[WSG] Skip links and Accessibility Info Links

2004-03-27 Thread Susan R. Grossman
I tend to use top navigation with 2 or 3 column content (and the left
content div usually containing specifc info with further links)  for
most of the layouts of my pages, since this is what so many clients
want.

Generally speaking (with various exceptions and diferences)  reader
display of most of these show:

top div with logo or graphic
horizontal nav div that will show as a vetical list
left column div with additional spotlight info and links (often dups of
info within navs or content but with by-lines
right or center div (depending on 2 or 3 column layout) with page
content
far right div column if 3 column layout
footer div

How does the list feel about putting in generalized (not hidden) skip
links as an initial div before the header of all page except the home
page to allow readers to skip to the content div?  One design issue is
that the header is no longer at 0, which doesn't bother me - but I don't
know how others feel about that either.  Or would it be better to build
the skip link as part of the top/logo div using hidden?

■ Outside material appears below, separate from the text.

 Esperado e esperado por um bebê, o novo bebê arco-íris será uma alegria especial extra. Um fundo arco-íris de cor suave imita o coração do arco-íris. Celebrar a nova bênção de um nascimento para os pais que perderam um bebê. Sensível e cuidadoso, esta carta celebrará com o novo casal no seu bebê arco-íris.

Guess I chould add the caveat that I do a lot of charity (I hate that
word) work for small non-profits often disability related

Also,  either techniqu aside,  are peope also adding in a link to an
accesibility information page?  Are people setting up pages now to
explain what tab indexes have been used throughout the site (consitantly
of course), etc?   I have one set up for the latest donation site, but I
don't know if that's going to far?

One last thing - what is the feeling on adding accesskey info on title
or alt tags?  Or in long description tags for those it works for?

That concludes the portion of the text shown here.